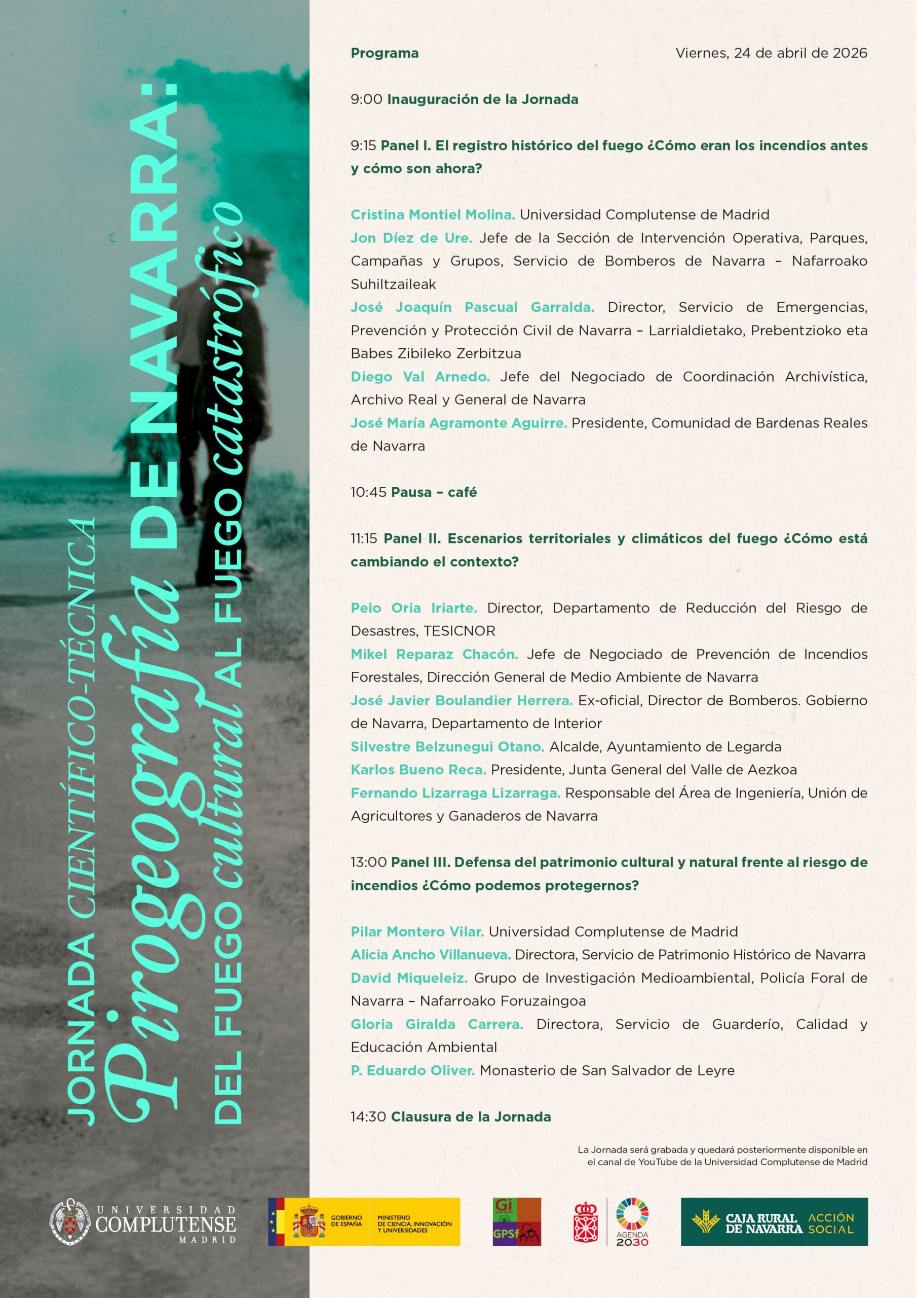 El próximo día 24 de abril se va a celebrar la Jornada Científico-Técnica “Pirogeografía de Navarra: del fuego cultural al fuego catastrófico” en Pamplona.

---

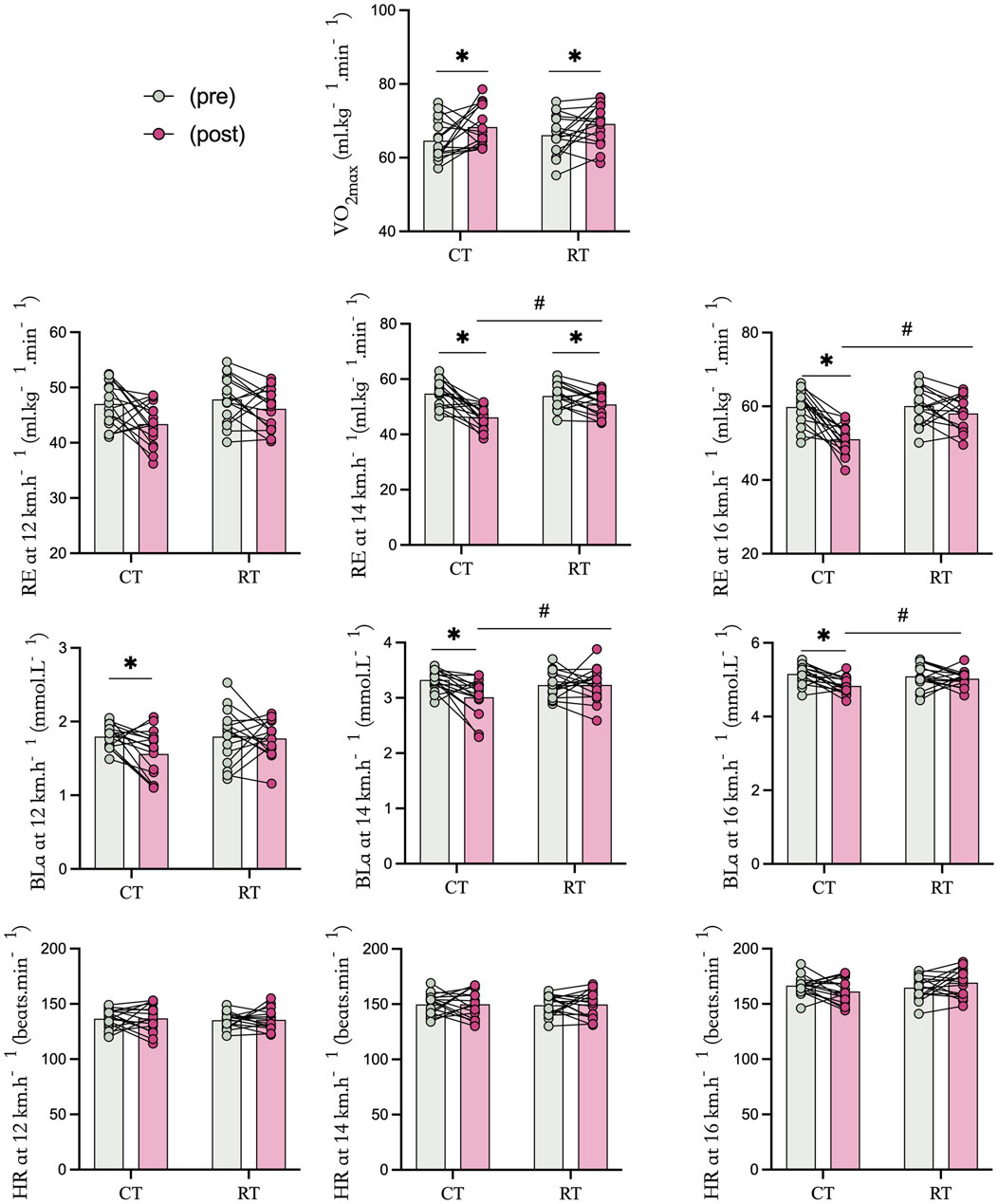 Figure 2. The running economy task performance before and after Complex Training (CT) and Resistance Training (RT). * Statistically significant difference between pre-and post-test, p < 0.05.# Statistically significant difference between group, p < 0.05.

--

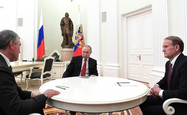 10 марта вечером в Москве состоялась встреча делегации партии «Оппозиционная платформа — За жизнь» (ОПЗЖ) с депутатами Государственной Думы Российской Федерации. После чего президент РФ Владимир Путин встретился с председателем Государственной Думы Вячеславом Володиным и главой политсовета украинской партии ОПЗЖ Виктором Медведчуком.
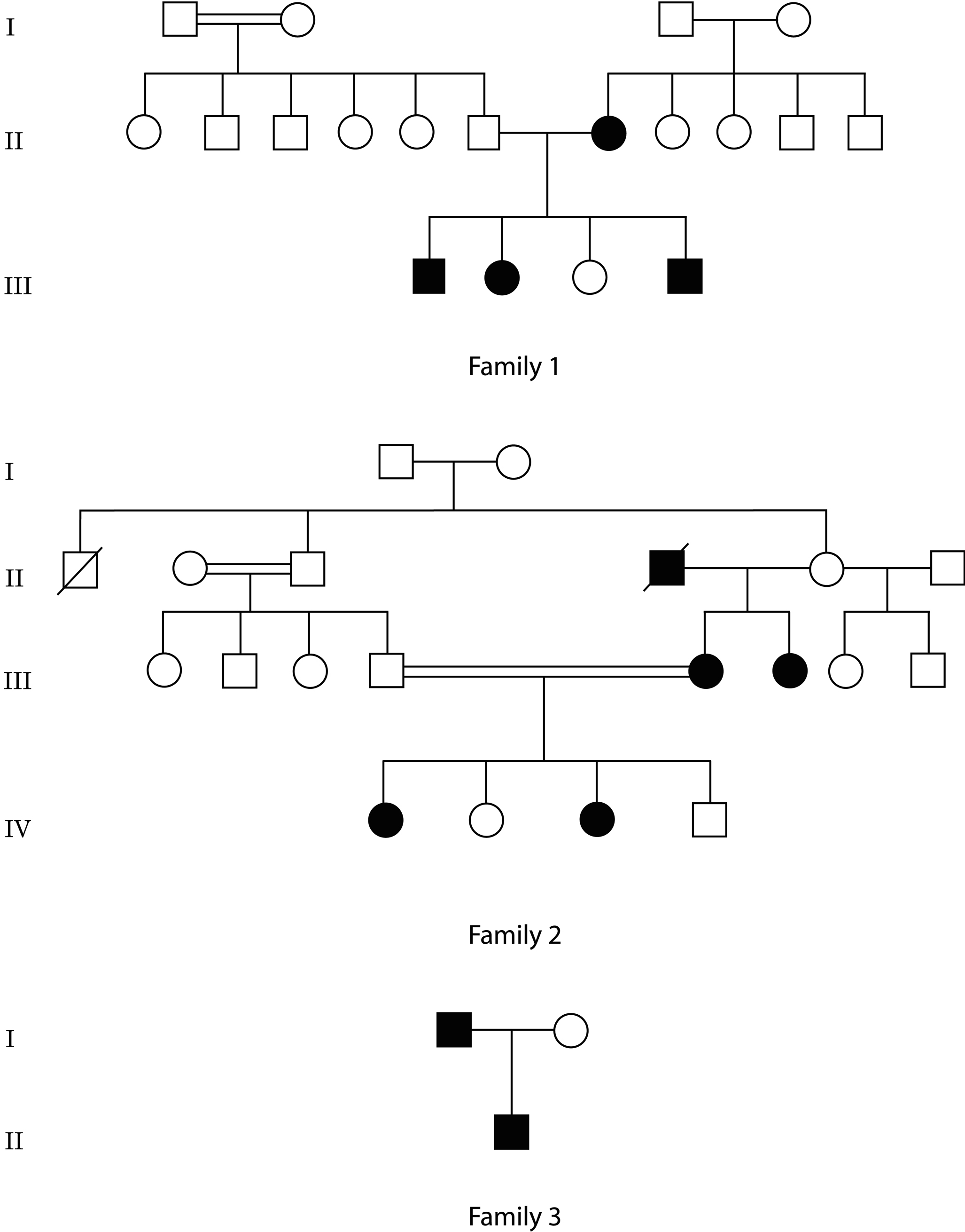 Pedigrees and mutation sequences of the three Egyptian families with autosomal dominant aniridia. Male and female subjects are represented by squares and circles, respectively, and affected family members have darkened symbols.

# Description of the task
An exact transcription is needed of the lines from the one with "10 марта вечером" to the one with "Pedigrees and mutation" above, both ends included, with pictures left out.

# Exercise output
 10 марта вечером в Москве состоялась встреча делегации партии «Оппозиционная платформа — За жизнь» (ОПЗЖ) с депутатами Государственной Думы Российской Федерации. После чего президент РФ Владимир Путин встретился с председателем Государственной Думы Вячеславом Володиным и главой политсовета украинской партии ОПЗЖ Виктором Медведчуком.
 Pedigrees and mutation sequences of the three Egyptian families with autosomal dominant aniridia. Male and female subjects are represented by squares and circles, respectively, and affected family members have darkened symbols.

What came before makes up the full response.